Headaches and Migraines

A headache is defined by the Mayo Clinic as “pain in any region of the head.” This common condition may develop gradually or appear suddenly as the result of a variety of factors.

Types of Headaches

Headaches and Migraines

Primary headaches occur without an underlying condition. These include cluster headaches, tension headaches, and migraines. Secondary headaches are caused by chronic diseases, structural defects or illnesses, such as in the case of a sinus headache. Some head pain may manifest in response to triggers that include food or food additives, stress, excessive physical exertion, environmental changes, medication, bright lights, and chemical exposure.
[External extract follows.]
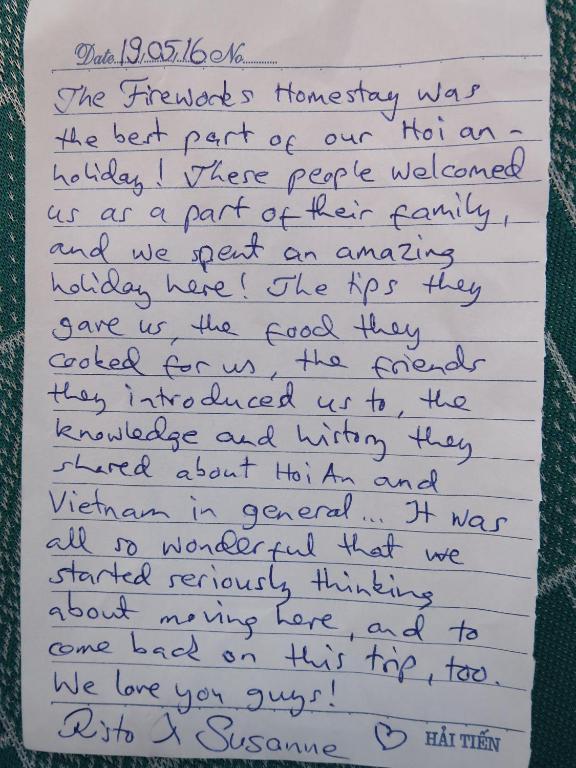 Các điểm tham quan nổi tiếng gần Fireworks Homestay gồm có Hội quán Quảng Đông, Chùa Cầu Nhật Bản và Hội quán Triều Châu. Sân bay gần nhất là sân bay quốc tế Đà Nẵng, cách homestay 23 km, và chỗ nghỉ cung cấp dịch vụ đưa đón sân bay với một khoản phụ phí.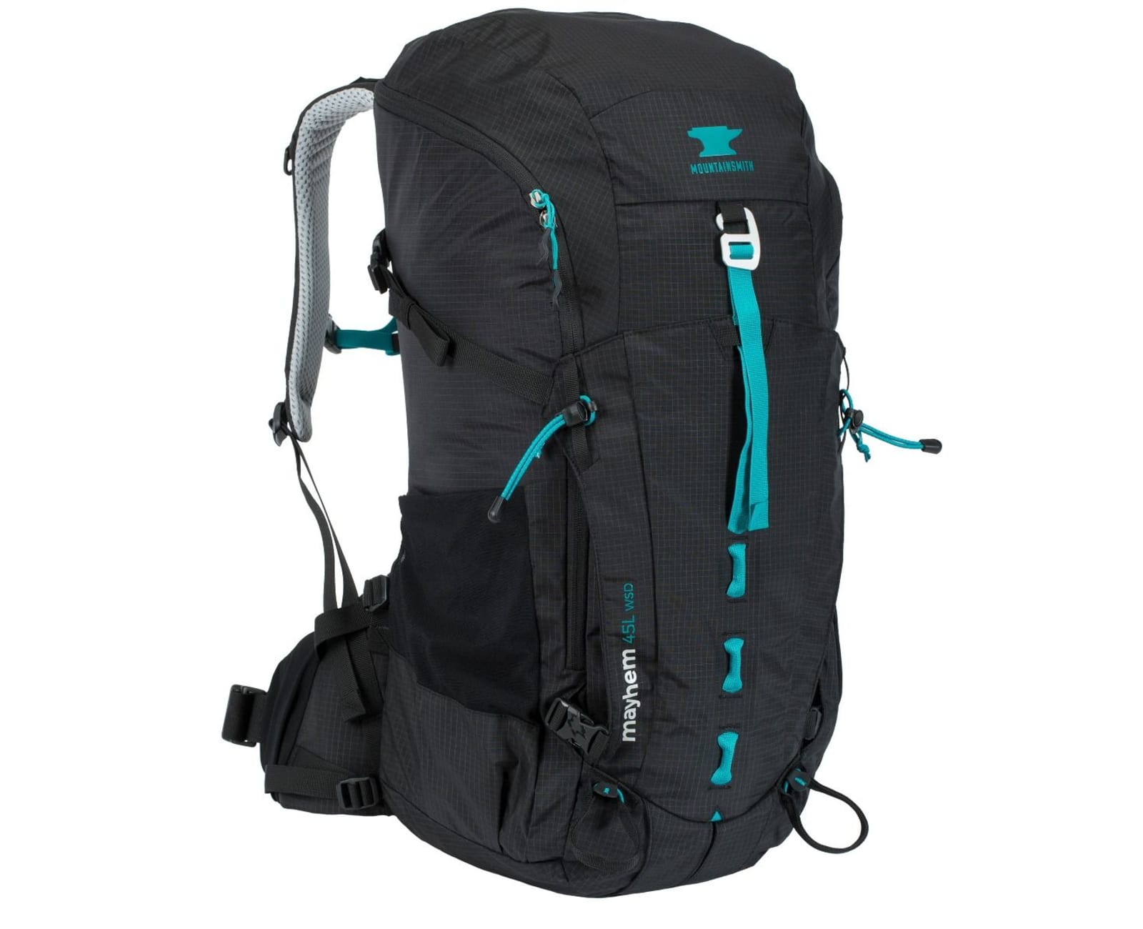 The panel-loading Mountainsmith Women's Mayhem 45 WSD backpack has the versatility, storage capacity (2620 cubic inches), and organizational features that make it ideal for lightweight backpacking or weekend travel. Ensuring load-hauling performance, the pack has a sturdy, women's specific suspension system, the likes of which is found usually only on larger capacity backpacks.

Pain is the main symptom of a headache and may appear in one of the following forms:

  • Pain on one or both sides of the head
  • Localized pain
  • Radiating pain
  • Aching, throbbing or sharp pain

Migraine sufferers may experience additional complications, including:

  • The severe pulsing pain made worse by activity
  • Blurred vision
  • Dizziness
  • Fatigue
  • Loss of appetite
  • Nausea
  • Sensitivity to light, sound, and smell
  • Vomiting

Discomfort from migraines may last for several days. Some people can tell that they’re about to get a migraine by the presence of an “aura” that precedes the condition. Examples of aura include seeing spots, shapes or flashes of light or feeling pins and needles in the extremities.

Prevention and Treatment

Learning to recognize triggers can help prevent headaches and migraines. Pay attention to what foods you eat, how much caffeine you drink and the weather conditions around the times that you get headaches and look for patterns to determine potential causative factors.

If you do develop pain in any area of your head, resting in a dark room may help alleviate it. Over-the-counter pain relievers such as acetaminophen can also offer temporary relief. Other medications, including triptans and ergotamine, may help to stave off migraines.

Most headaches don’t require medical treatment. However, if you develop a fever or experience confusion, fainting, neck stiffness, difficulty seeing, trouble speaking, or numbness or weakness on one side of your body, get to an urgent care center or emergency room immediately. These symptoms could indicate a more serious underlying condition.